◆ **EXERCISE REQUIREMENTS**: Set down each entry exactly; omit images.

..............................

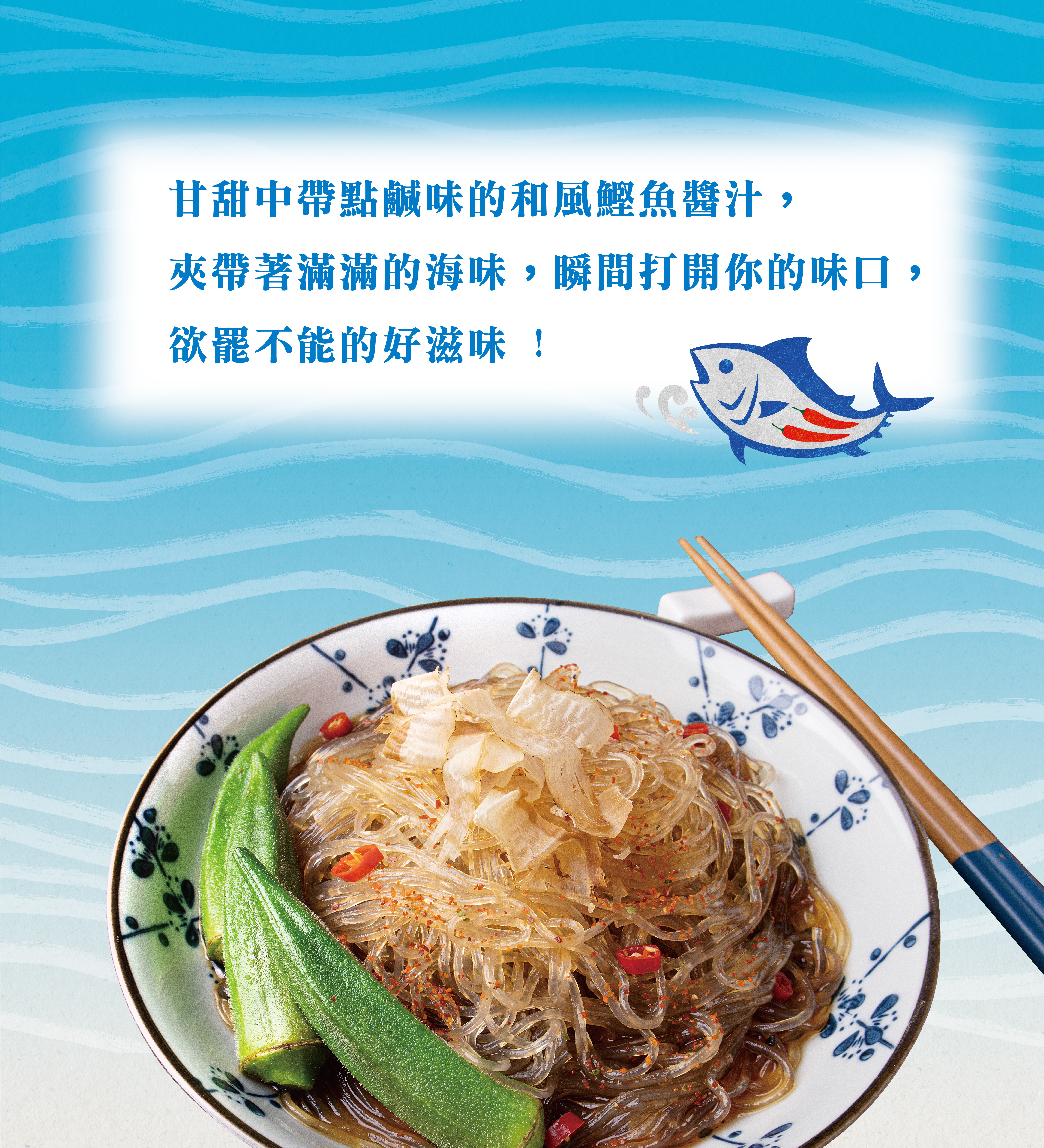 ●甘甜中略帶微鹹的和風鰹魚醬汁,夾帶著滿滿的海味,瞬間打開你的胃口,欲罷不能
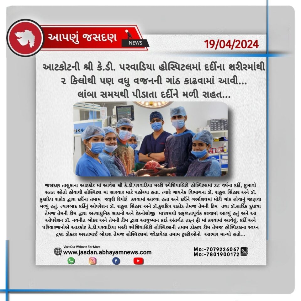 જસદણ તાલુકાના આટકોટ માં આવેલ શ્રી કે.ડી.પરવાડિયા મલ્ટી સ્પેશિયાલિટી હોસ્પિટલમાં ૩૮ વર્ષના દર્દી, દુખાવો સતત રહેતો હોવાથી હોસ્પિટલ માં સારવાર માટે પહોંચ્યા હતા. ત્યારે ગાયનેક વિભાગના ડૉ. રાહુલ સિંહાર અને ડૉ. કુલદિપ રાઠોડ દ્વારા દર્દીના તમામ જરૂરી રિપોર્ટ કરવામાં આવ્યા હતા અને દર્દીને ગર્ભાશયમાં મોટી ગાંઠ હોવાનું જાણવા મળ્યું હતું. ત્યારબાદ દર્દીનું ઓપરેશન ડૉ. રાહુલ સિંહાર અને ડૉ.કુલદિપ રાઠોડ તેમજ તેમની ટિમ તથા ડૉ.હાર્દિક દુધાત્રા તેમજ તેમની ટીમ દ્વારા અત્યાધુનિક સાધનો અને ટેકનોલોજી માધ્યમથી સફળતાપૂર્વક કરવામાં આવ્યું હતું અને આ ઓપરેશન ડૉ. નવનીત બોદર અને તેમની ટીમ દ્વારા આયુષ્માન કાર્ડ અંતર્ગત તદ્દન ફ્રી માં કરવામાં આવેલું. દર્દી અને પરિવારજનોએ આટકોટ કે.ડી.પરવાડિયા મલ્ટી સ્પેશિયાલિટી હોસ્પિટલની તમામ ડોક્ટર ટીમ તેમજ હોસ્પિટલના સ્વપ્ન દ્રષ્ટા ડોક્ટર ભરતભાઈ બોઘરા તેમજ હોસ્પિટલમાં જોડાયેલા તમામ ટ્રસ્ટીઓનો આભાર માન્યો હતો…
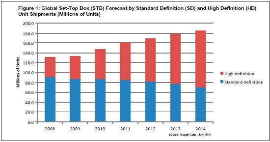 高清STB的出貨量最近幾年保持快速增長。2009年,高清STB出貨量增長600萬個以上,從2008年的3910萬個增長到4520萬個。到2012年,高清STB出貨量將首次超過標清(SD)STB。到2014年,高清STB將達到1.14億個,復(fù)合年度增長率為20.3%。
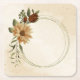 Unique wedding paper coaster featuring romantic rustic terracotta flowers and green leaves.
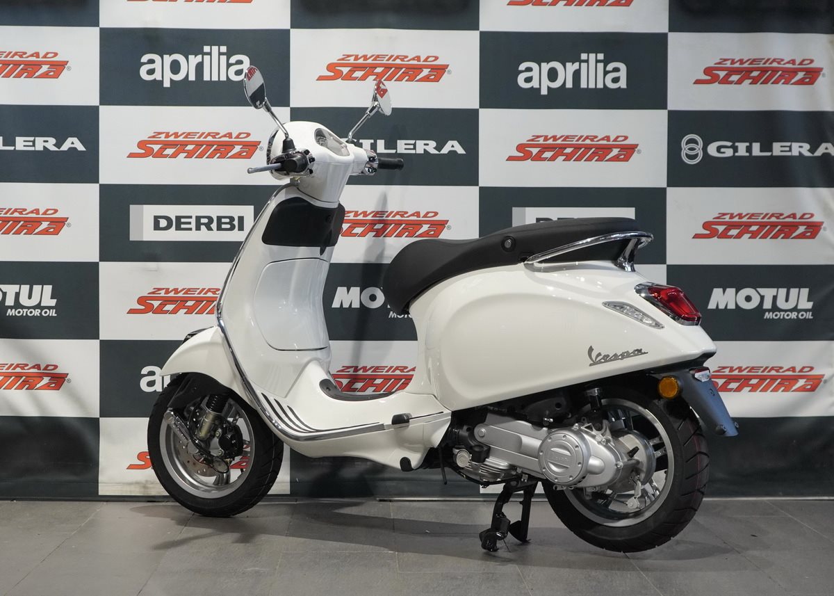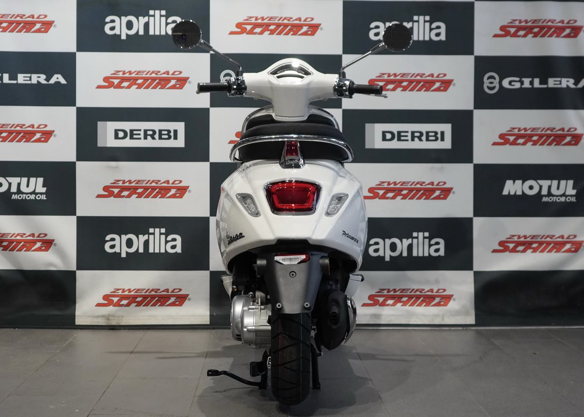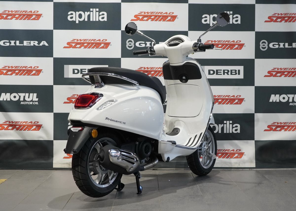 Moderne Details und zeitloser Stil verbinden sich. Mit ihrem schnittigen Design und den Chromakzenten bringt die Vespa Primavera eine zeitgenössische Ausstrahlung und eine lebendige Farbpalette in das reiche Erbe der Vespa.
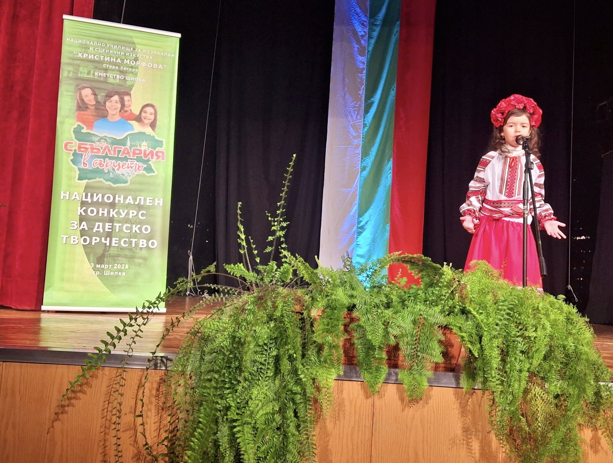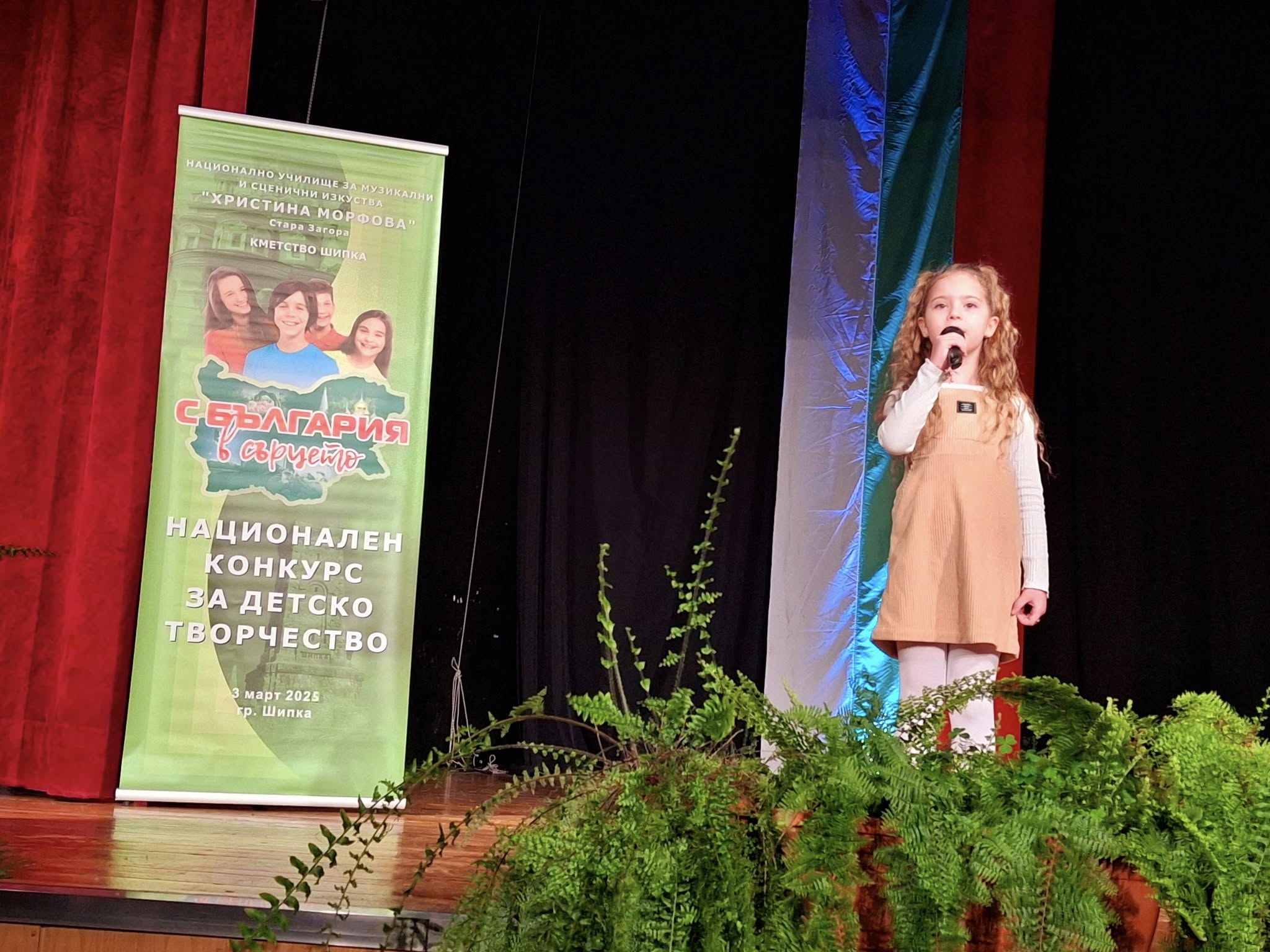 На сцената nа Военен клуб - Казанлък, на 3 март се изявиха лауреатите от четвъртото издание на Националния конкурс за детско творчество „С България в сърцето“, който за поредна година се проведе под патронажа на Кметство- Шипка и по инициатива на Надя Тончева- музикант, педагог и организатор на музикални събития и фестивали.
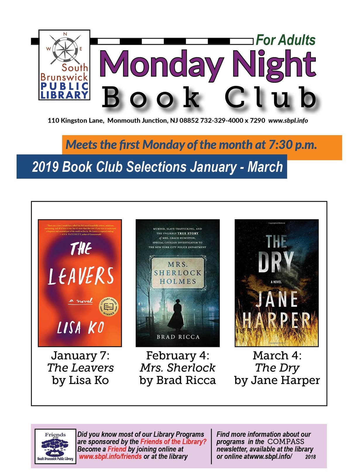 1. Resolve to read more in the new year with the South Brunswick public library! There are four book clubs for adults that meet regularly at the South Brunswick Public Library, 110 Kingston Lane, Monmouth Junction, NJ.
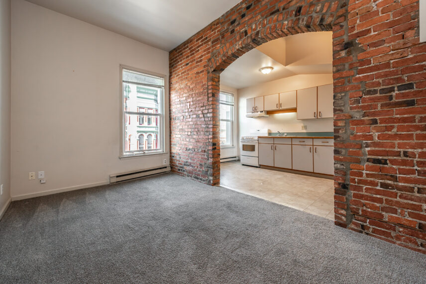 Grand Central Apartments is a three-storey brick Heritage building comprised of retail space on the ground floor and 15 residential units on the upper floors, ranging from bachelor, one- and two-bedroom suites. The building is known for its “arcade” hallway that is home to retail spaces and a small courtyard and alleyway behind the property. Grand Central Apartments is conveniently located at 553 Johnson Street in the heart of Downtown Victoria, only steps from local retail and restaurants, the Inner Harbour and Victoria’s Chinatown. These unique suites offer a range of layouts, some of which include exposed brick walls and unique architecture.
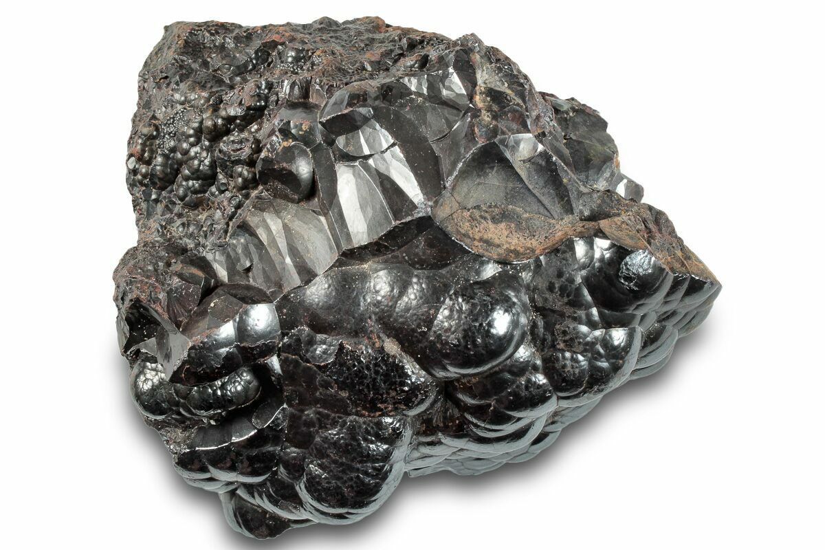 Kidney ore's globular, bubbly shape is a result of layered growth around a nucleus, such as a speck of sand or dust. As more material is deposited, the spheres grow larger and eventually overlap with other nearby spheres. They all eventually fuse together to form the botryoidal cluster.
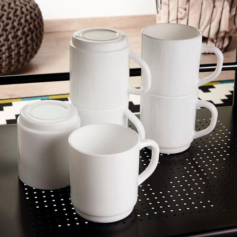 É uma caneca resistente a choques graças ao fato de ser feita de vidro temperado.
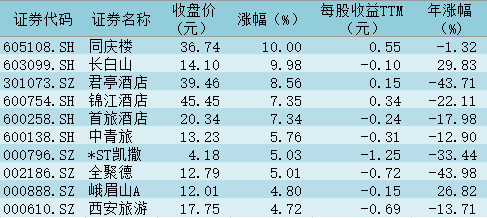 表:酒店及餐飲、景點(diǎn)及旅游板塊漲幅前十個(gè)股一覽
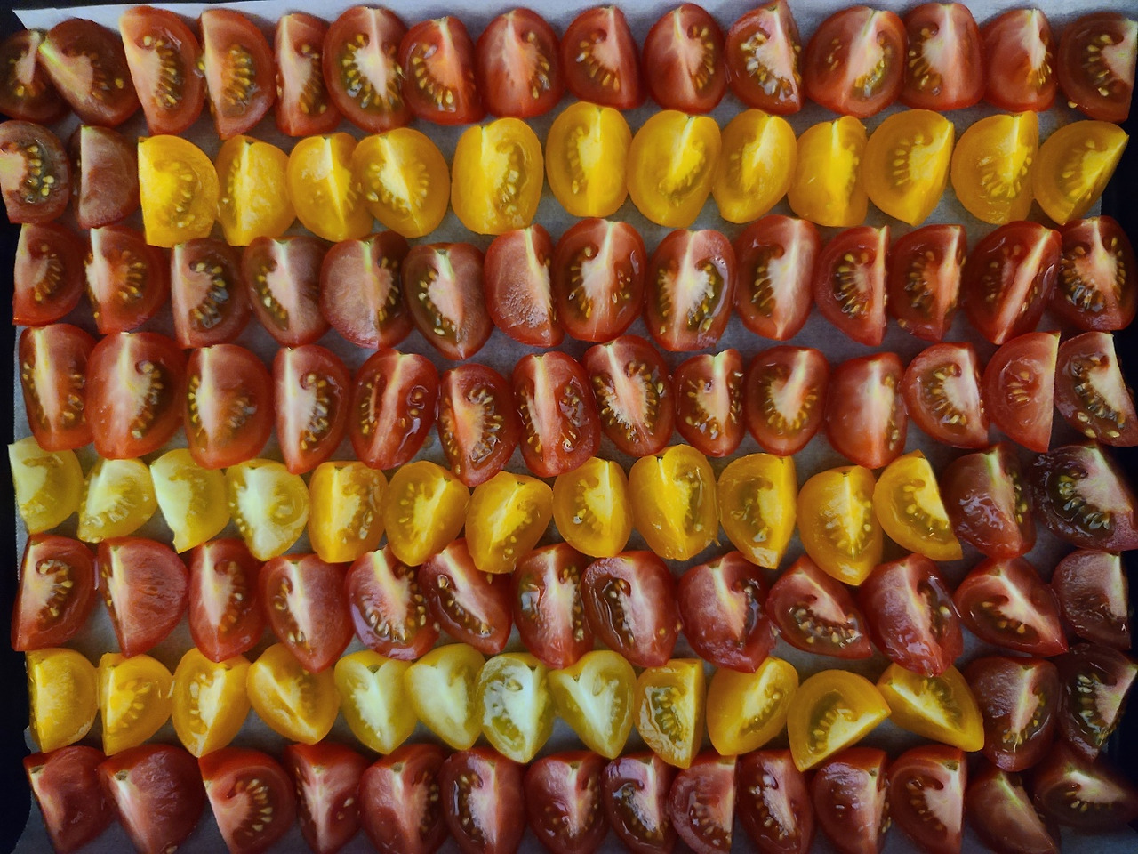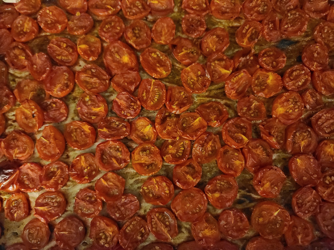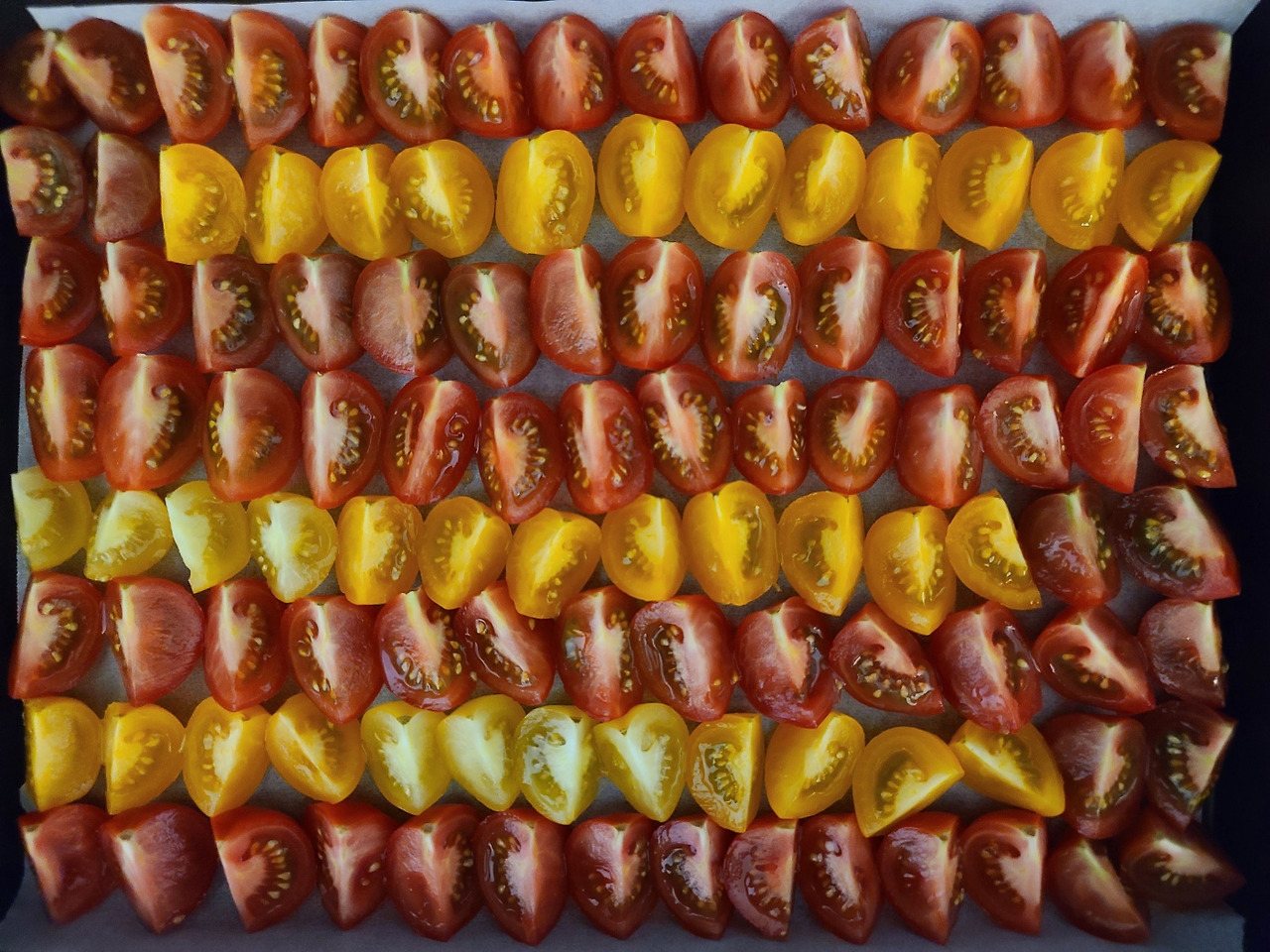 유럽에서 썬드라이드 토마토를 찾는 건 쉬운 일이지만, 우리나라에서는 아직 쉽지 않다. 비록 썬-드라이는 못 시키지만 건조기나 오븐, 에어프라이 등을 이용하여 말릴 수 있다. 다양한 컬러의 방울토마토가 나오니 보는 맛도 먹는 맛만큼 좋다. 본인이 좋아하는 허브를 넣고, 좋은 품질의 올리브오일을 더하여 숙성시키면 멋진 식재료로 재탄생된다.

..............................

◆ **SOLUTION FOR THIS PROBLEM**:
 ●甘甜中略帶微鹹的和風鰹魚醬汁,夾帶著滿滿的海味,瞬間打開你的胃口,欲罷不能
 જસદણ તાલુકાના આટકોટ માં આવેલ શ્રી કે.ડી.પરવાડિયા મલ્ટી સ્પેશિયાલિટી હોસ્પિટલમાં ૩૮ વર્ષના દર્દી, દુખાવો સતત રહેતો હોવાથી હોસ્પિટલ માં સારવાર માટે પહોંચ્યા હતા. ત્યારે ગાયનેક વિભાગના ડૉ. રાહુલ સિંહાર અને ડૉ. કુલદિપ રાઠોડ દ્વારા દર્દીના તમામ જરૂરી રિપોર્ટ કરવામાં આવ્યા હતા અને દર્દીને ગર્ભાશયમાં મોટી ગાંઠ હોવાનું જાણવા મળ્યું હતું. ત્યારબાદ દર્દીનું ઓપરેશન ડૉ. રાહુલ સિંહાર અને ડૉ.કુલદિપ રાઠોડ તેમજ તેમની ટિમ તથા ડૉ.હાર્દિક દુધાત્રા તેમજ તેમની ટીમ દ્વારા અત્યાધુનિક સાધનો અને ટેકનોલોજી માધ્યમથી સફળતાપૂર્વક કરવામાં આવ્યું હતું અને આ ઓપરેશન ડૉ. નવનીત બોદર અને તેમની ટીમ દ્વારા આયુષ્માન કાર્ડ અંતર્ગત તદ્દન ફ્રી માં કરવામાં આવેલું. દર્દી અને પરિવારજનોએ આટકોટ કે.ડી.પરવાડિયા મલ્ટી સ્પેશિયાલિટી હોસ્પિટલની તમામ ડોક્ટર ટીમ તેમજ હોસ્પિટલના સ્વપ્ન દ્રષ્ટા ડોક્ટર ભરતભાઈ બોઘરા તેમજ હોસ્પિટલમાં જોડાયેલા તમામ ટ્રસ્ટીઓનો આભાર માન્યો હતો…
 高清STB的出貨量最近幾年保持快速增長。2009年,高清STB出貨量增長600萬個以上,從2008年的3910萬個增長到4520萬個。到2012年,高清STB出貨量將首次超過標清(SD)STB。到2014年,高清STB將達到1.14億個,復(fù)合年度增長率為20.3%。
 Unique wedding paper coaster featuring romantic rustic terracotta flowers and green leaves.
 Moderne Details und zeitloser Stil verbinden sich. Mit ihrem schnittigen Design und den Chromakzenten bringt die Vespa Primavera eine zeitgenössische Ausstrahlung und eine lebendige Farbpalette in das reiche Erbe der Vespa.
 На сцената nа Военен клуб - Казанлък, на 3 март се изявиха лауреатите от четвъртото издание на Националния конкурс за детско творчество „С България в сърцето“, който за поредна година се проведе под патронажа на Кметство- Шипка и по инициатива на Надя Тончева- музикант, педагог и организатор на музикални събития и фестивали.
 1. Resolve to read more in the new year with the South Brunswick public library! There are four book clubs for adults that meet regularly at the South Brunswick Public Library, 110 Kingston Lane, Monmouth Junction, NJ.
 Grand Central Apartments is a three-storey brick Heritage building comprised of retail space on the ground floor and 15 residential units on the upper floors, ranging from bachelor, one- and two-bedroom suites. The building is known for its “arcade” hallway that is home to retail spaces and a small courtyard and alleyway behind the property. Grand Central Apartments is conveniently located at 553 Johnson Street in the heart of Downtown Victoria, only steps from local retail and restaurants, the Inner Harbour and Victoria’s Chinatown. These unique suites offer a range of layouts, some of which include exposed brick walls and unique architecture.
 Kidney ore's globular, bubbly shape is a result of layered growth around a nucleus, such as a speck of sand or dust. As more material is deposited, the spheres grow larger and eventually overlap with other nearby spheres. They all eventually fuse together to form the botryoidal cluster.
 É uma caneca resistente a choques graças ao fato de ser feita de vidro temperado.
 表:酒店及餐飲、景點(diǎn)及旅游板塊漲幅前十個(gè)股一覽
 유럽에서 썬드라이드 토마토를 찾는 건 쉬운 일이지만, 우리나라에서는 아직 쉽지 않다. 비록 썬-드라이는 못 시키지만 건조기나 오븐, 에어프라이 등을 이용하여 말릴 수 있다. 다양한 컬러의 방울토마토가 나오니 보는 맛도 먹는 맛만큼 좋다. 본인이 좋아하는 허브를 넣고, 좋은 품질의 올리브오일을 더하여 숙성시키면 멋진 식재료로 재탄생된다.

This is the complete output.